One of the things that really makes me nervous is when my clients want to use their own lender. If I’m dealing with a seasoned property owner, I’m willing to take their word that this company is good. But when I’m dealing with a first-time homebuyer, that’s a whole different story.
The reason I feel uncomfortable is because I don’t have a track record to go on.
What’s important to understand about mortgage brokers and direct lenders is they are involved at the beginning, middle and end of the purchase process. Getting someone approved up front today is critical. You can usually get a pre-qualification letter from a lender in a few hours because all they are doing is running your credit score and taking your word on your assets and income. The more complicated and time-consuming pre-approval is a full review of your bank statements, tax returns and other supporting documentation. The approval is for both you as a borrower and the property as collateral.
Not only does the lender do an internal review but many loans are re-sold and have to be approved by the investor as well. For all loans here that are under $729,000, that usually means review by the Federal Housing Administration.
If you don’t have much experience as a buyer, how do you really know how quickly a lender will process your loan? Anybody can tell you what you want to hear to get your business. It’s another thing to perform to those expectations. And therein lies the problem.
Your Realtor has knowledge of who can and cannot perform tasks on tight time lines. Because of long-standing relationships, your Realtor can apply pressure to move things along. That won’t be the case with a new lender that neither of you knows well. So when a Realtor suggests someone, please take that advice. To ignore that puts your purchase at risk, increases your stress and wastes time.
Here’s a real-life example. My clients were adamant about using a large out-of-state lender. The bank said itcould give full approval for an FHA loan in three weeks and close escrow in six weeks so we wrote a contract with those time frames.
Well this bank with its Midwest processing center didn’t even order the appraisal until we were two weeks into our contingency period and the appraiser took almost a week to get it back to the lender. As a result, the buyer had to ask the seller for a 10-day extension on the financing contingency to get full approval. Hard to believe but it actually took the bank almost one week to read the appraisal and then realize that it wouldn’t be approved by FHA so a second appraisal at more cost to the buyer was needed.
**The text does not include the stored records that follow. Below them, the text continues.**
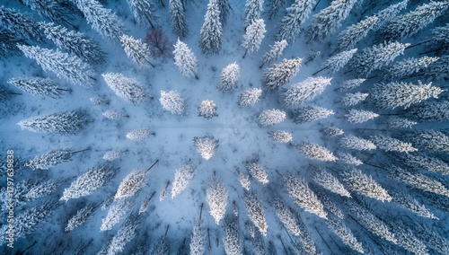 Obraz premium Aerial perspective of a snowy forest, showcasing the larch trees and ski...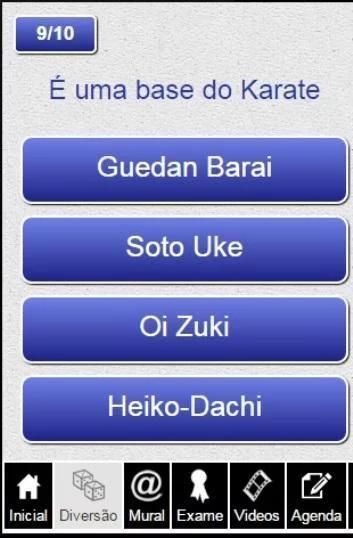 1- DIVERSÃO: Um jogo de perguntas e respostas sobre várias técnicas do Karate, com figuras intuitivas que proporcionam o crescimento intelectual do karateca bem como um excelente passatempo para o dia-a-dia, este jogo está disponível no modo off-line.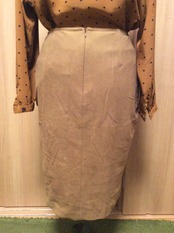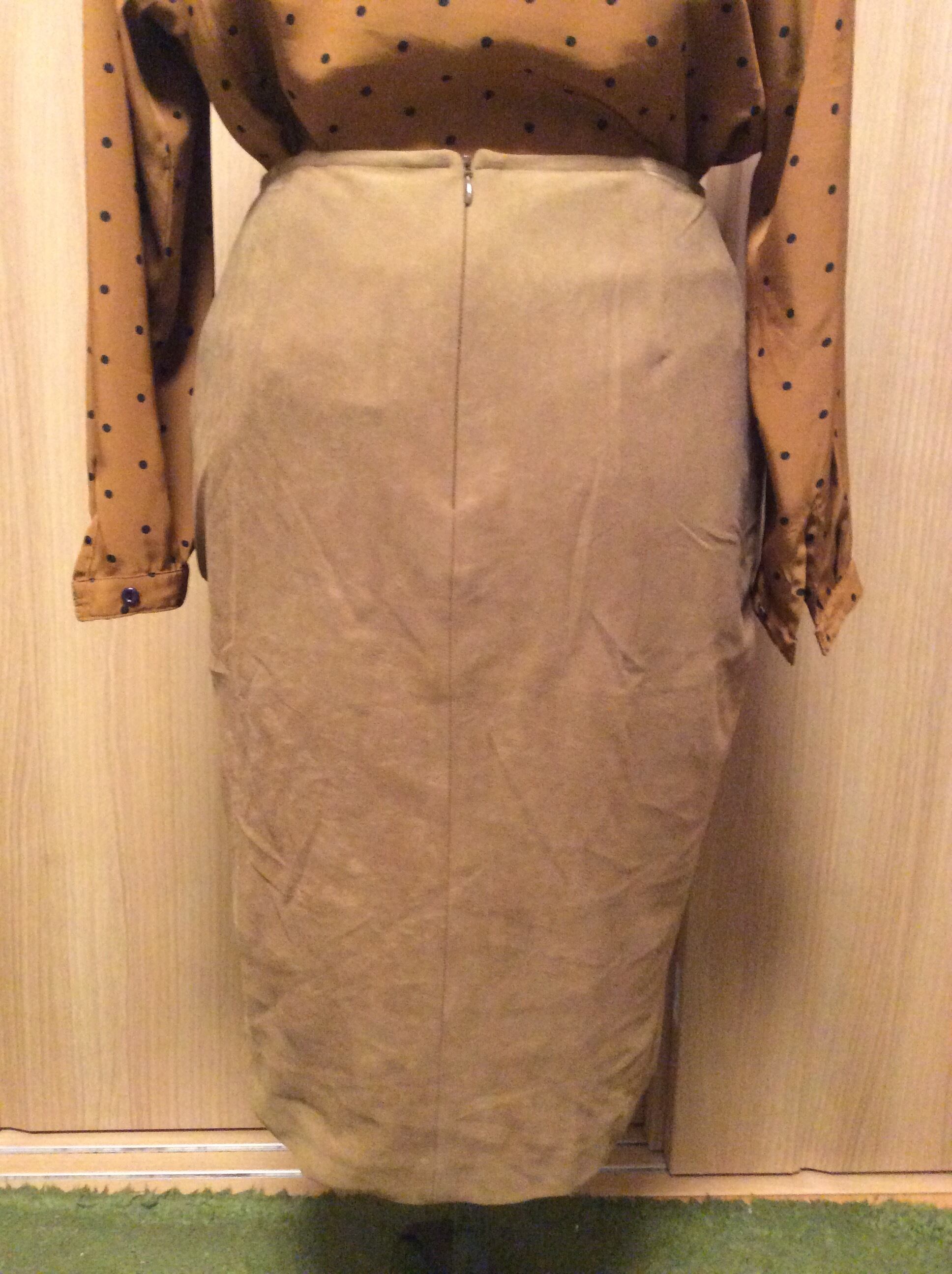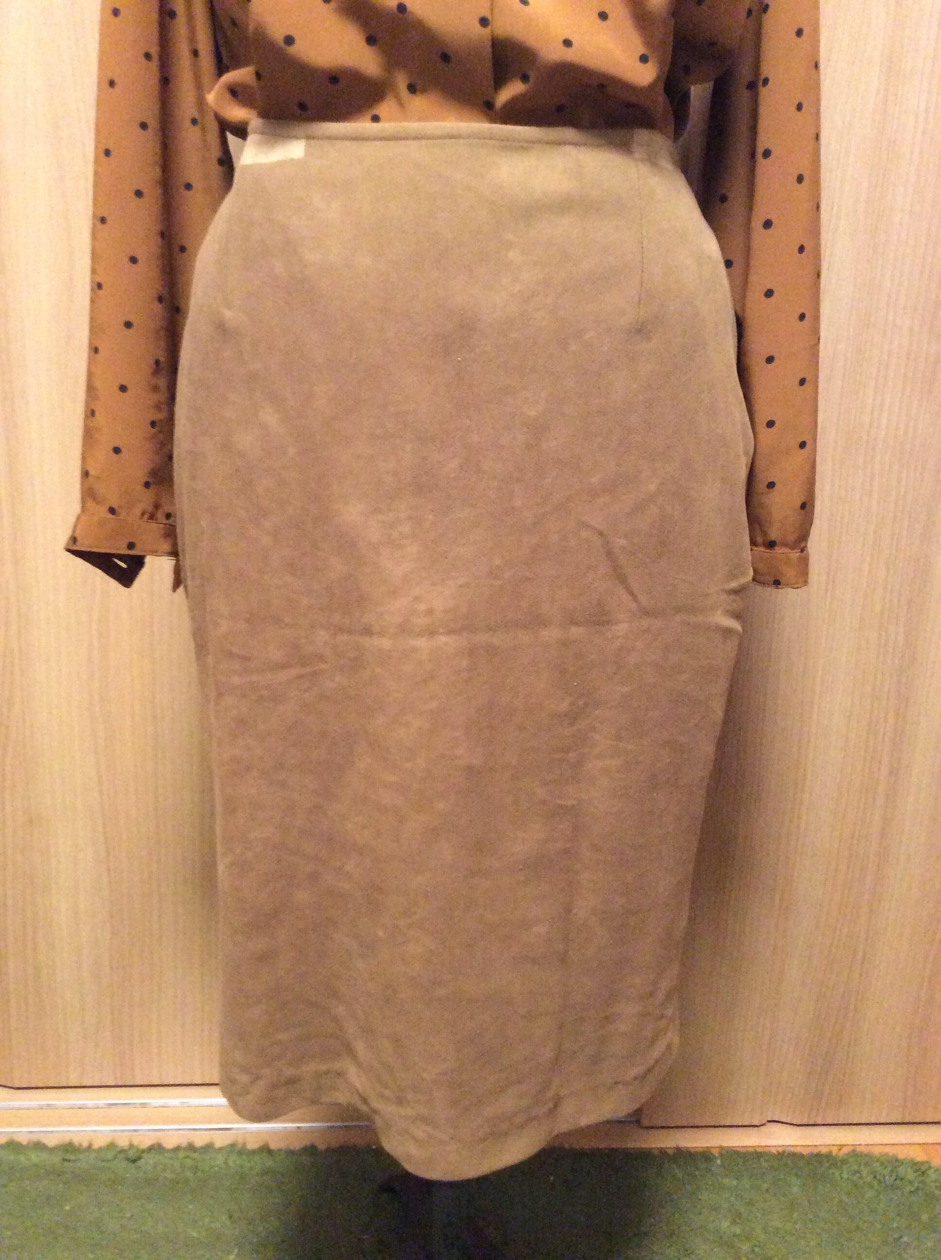 シンプルなベージュのタイトスカートは、ヌバックのような柔らかい素材で体のラインをきれいに演出してくれます。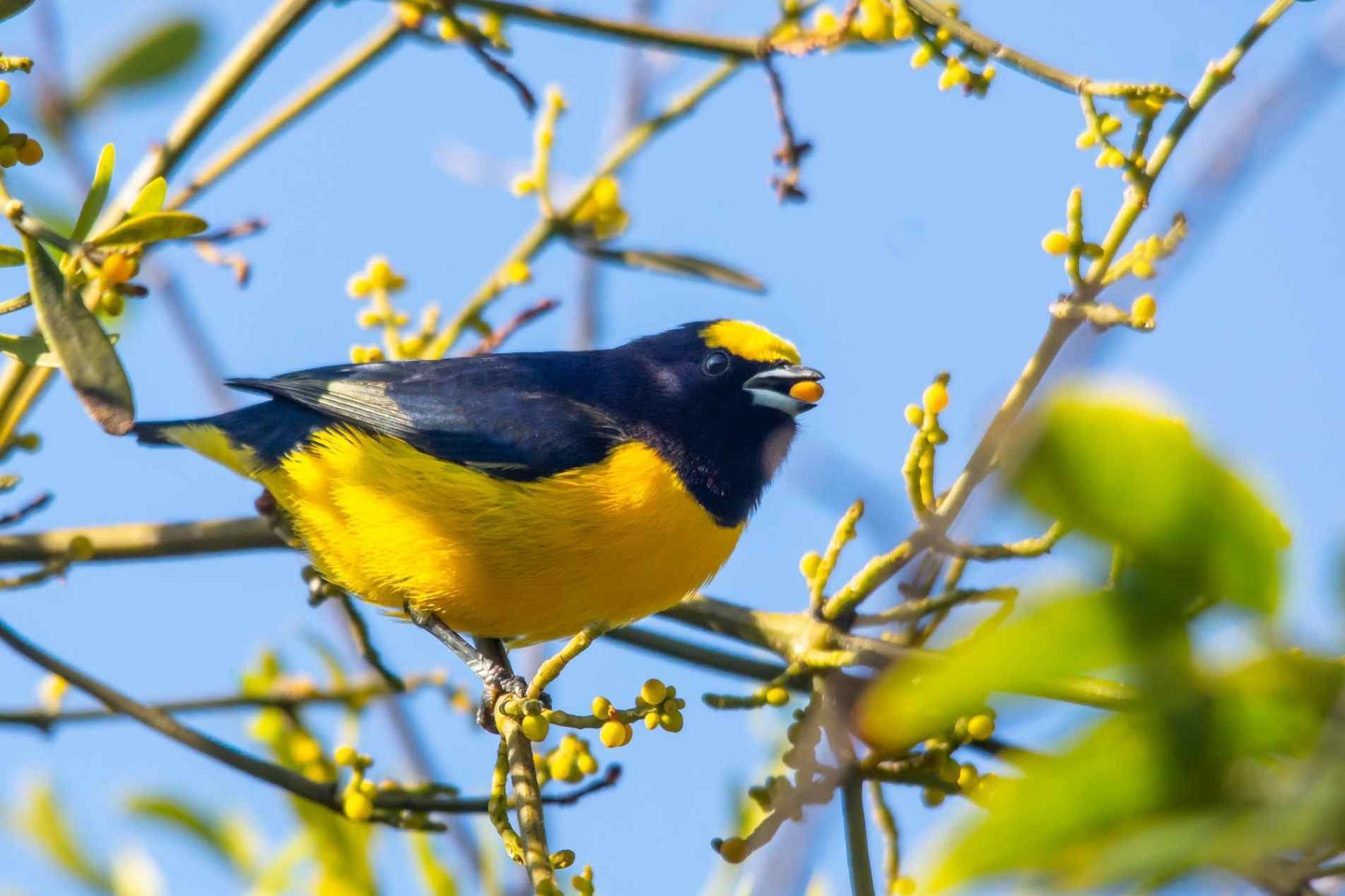 Observe o bico dela! Ela se alimenta de frutos e insetos e, assim, ajuda as plantas, dispersando suas sementes por meio das fezes. É muito comum observá-la comendo as frutinhas das ervas-de-passarinho. Algumas dessas plantas possuem um fruto do qual a semente tem uma espécie de visgo e, para consumir o fruto, a ave aperta bastante até ele romper a casca e ingere apenas a polpa e a semente, deixando cair a casca.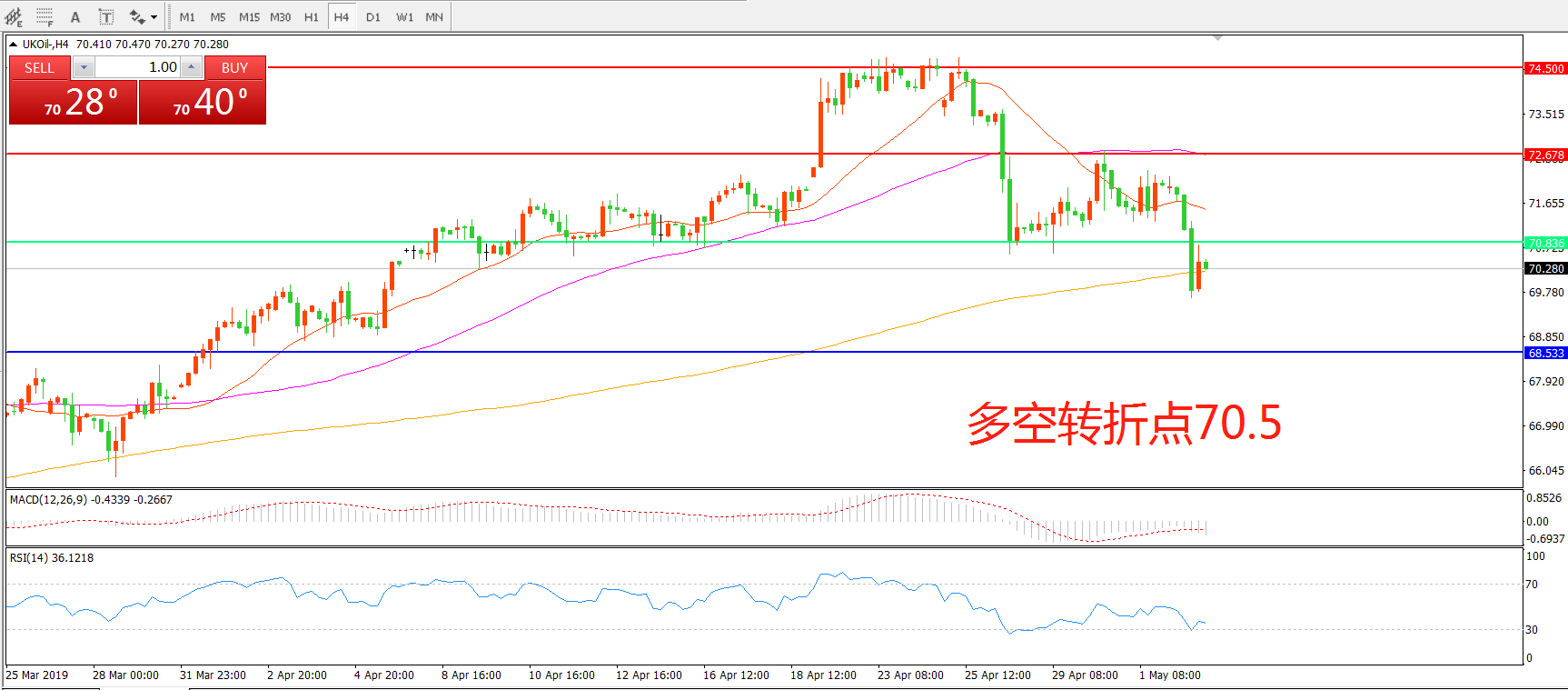多空转折点:70.50

Now we asked for a second extension, which made it clear we would not close escrow on time. Of course, if the bank selected an appraiser that resided in the same county as the property, we would have gotten better results because of the appraiser’s familiarity with his area.
Oh, by the way, five weeks after we started the process they wanted more documentation. One wonders why they didn’t ask for that weeks ago.
No surprise, the buyer is getting stressed and so is the seller whose plans are being delayed. I’ve bugged the bank almost daily but it doesn’t really care because I’m neither the client nor someone who may use that bank again. The good news is this sale will go through, but not on time. Luckily the buyer planned on closing before the lease was up and the seller had flexibility in delaying their purchase. Had we not planned it this way, it could have had an ugly outcome with a double move, storage costs, hotel costs and some unpleasant arguments.
So when your Realtor recommends someone, listen to them pro. Otherwise you take your chances.